Everyone is free to change one’s mind, but there is a chasm between what Robert Abela wrote as a law student in his thesis more than 20 years ago, and what he is practising today.

Since taking office as Malta’s Prime Minister, Abela has been highly critical of the judiciary several times in what many interpret as an attempt to influence their decisions. As head of the executive, he has used his position to put pressure on them – which is what he was so adamantly against when he was writing up his thesis.

His latest target – which he has criticised for months – is the magistrate who conducted the inquiry into the Vitals deal the government reached in 2015, which has now led to charges being filed against, among others, former Prime Minister Joseph Muscat, former minister Konrad Mizzi, former minister (now Central Bank Governor) Edward Scicluna, and the current deputy prime minister Chris Fearne.

He has accused Magistrate Gabriella Vella of delaying tactics and that she timed the conclusion of the inquiry to coincide with the European Parliament Elections. As head of the executive, Abela has accused the magistrate of trying to cause harm to Labour’s electoral aspirations.
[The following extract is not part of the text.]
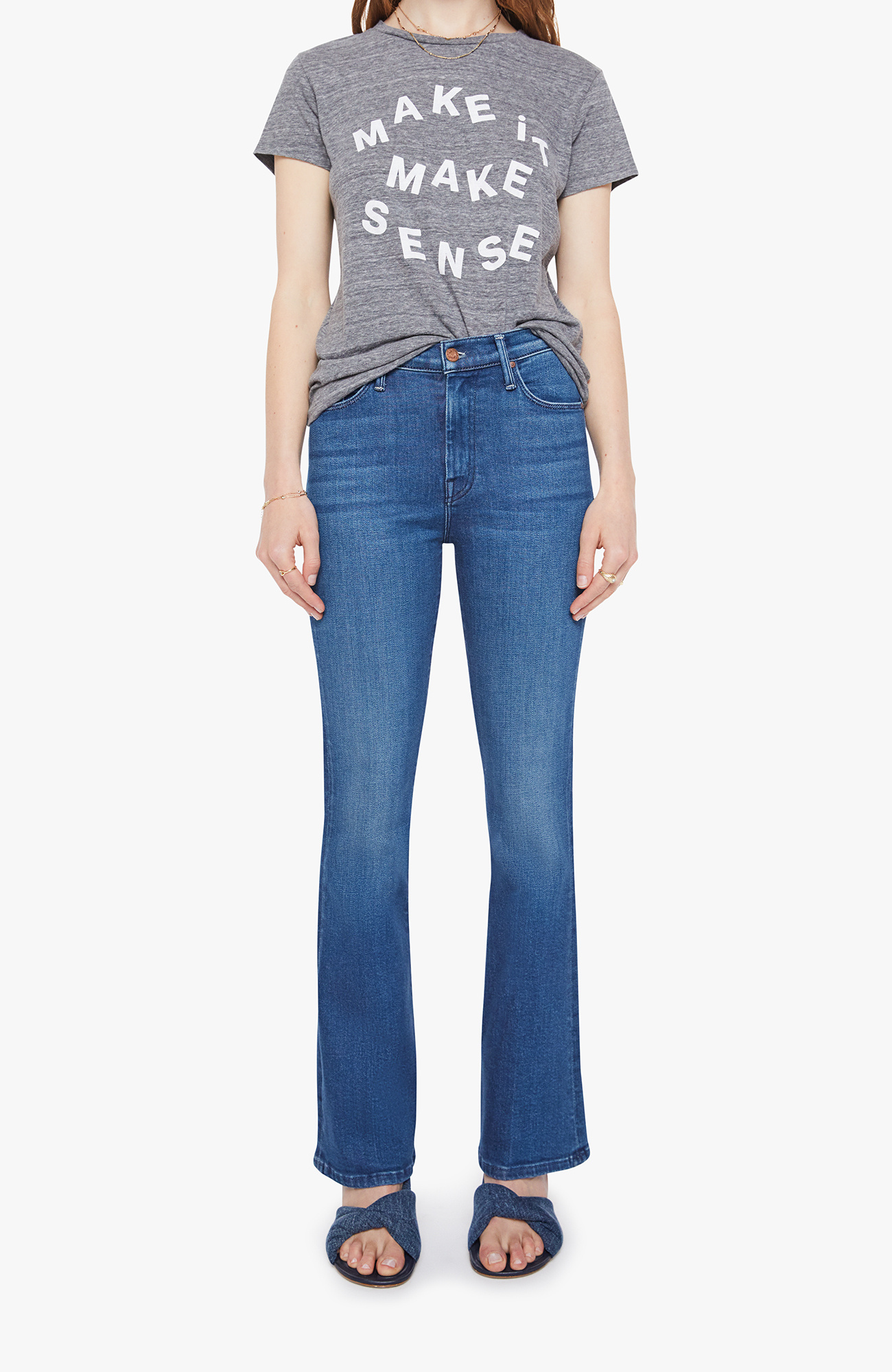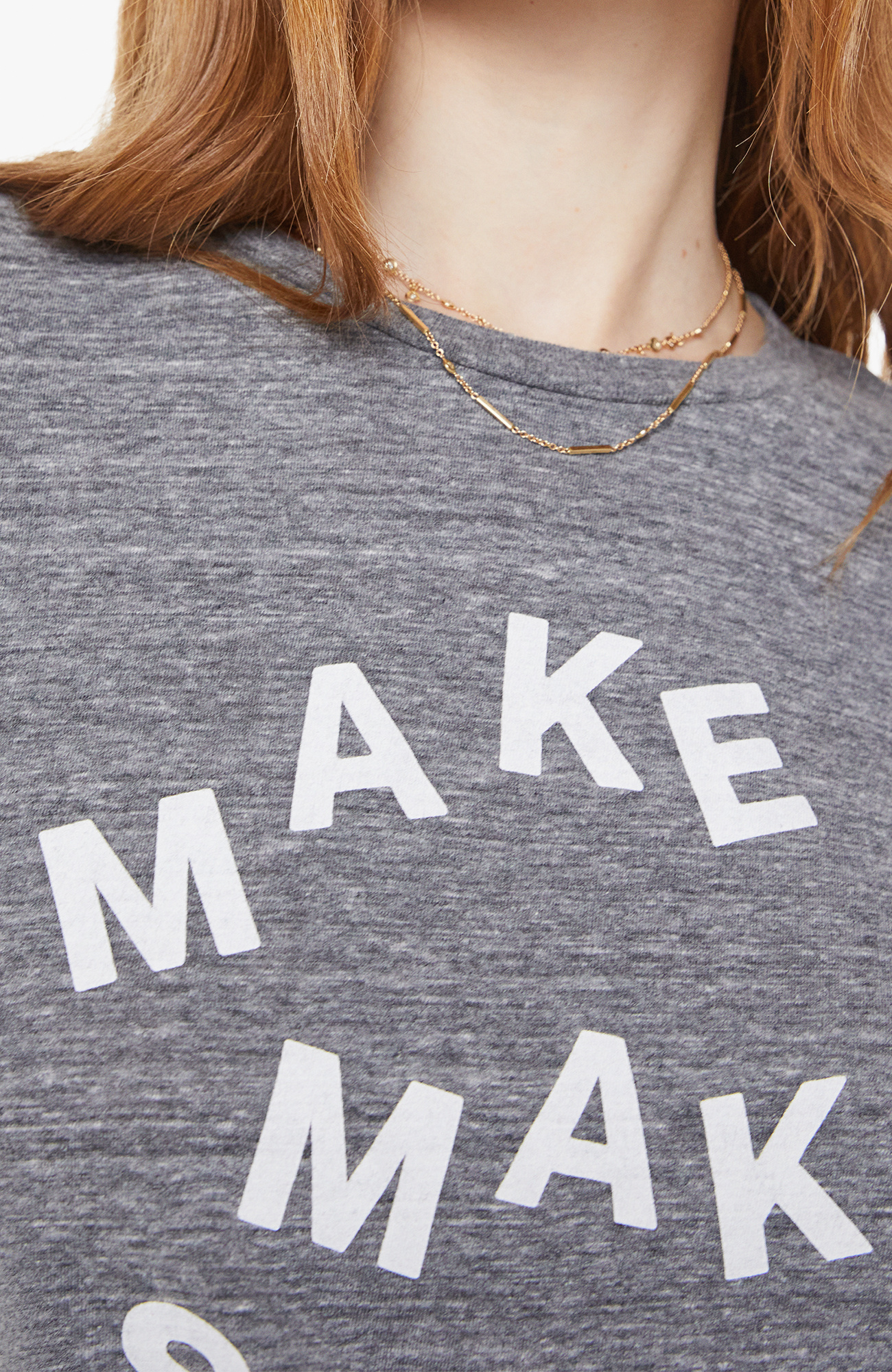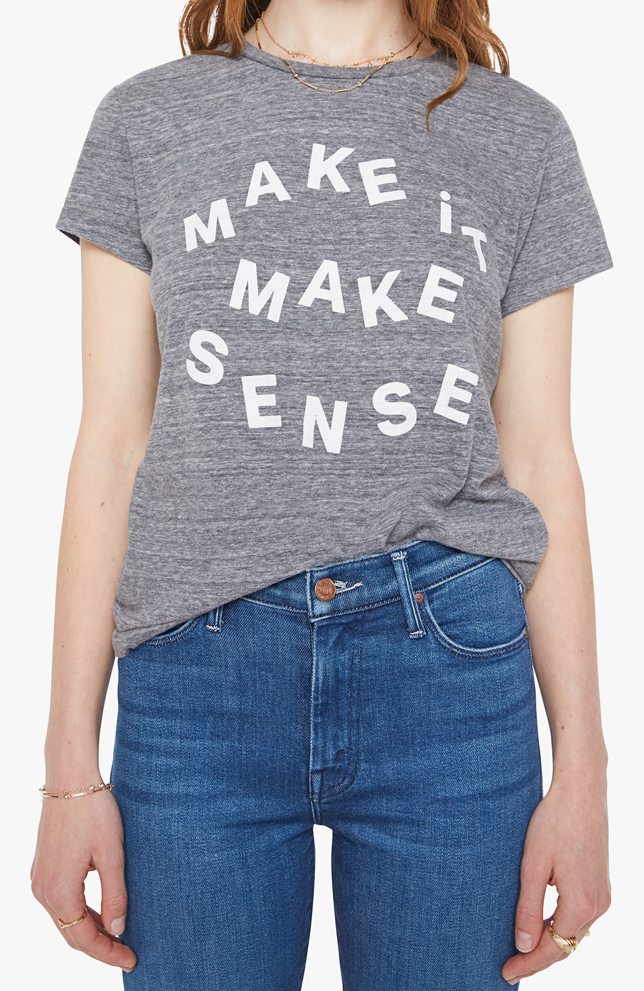 Make it make sense. A soft crewneck with a slim fit for a vintage look and feel. Made from a soft cotton blend in heathered grey, the tee features white block text on the front.

Justice, he said, must be carried out without motives behind it.

But, in the conclusion of his thesis, which he submitted in 2002, Abela had written, and emphasised too, that “a judge must be free from political or other pressures”.

It was certainly a different frame of mind that the one he endorses today.

Abela had also noted, in his thesis conclusion, that judges (and, we presume, also magistrates) should be free from “political and other pressures”. This also “applies also to the judicial process which must be free at every stage from interference by the Executive branch of government in order that justice is not only done but is also seen to be done”.

These words are written twice, as if to underscore them. They can be found in the abstract as well as the conclusion, and normally are considered to be salient points by the author, in this case Abela.

It should be noted that in the conclusion, Abela also highlighted in bold the words “at every stage”, which adds to the weight that Abela wanted to give them.

Now that he is the head of the executive, Abela is behaving rather differently from the conclusion he had reached in his thesis, which had been entitled “Judicial accountability and impeachment”.

To mark the irony, this part of Abela’s thesis was also quoted during a protest held by students in front of the law courts on Monday, where they called on the PM to refrain from attacking the judiciary.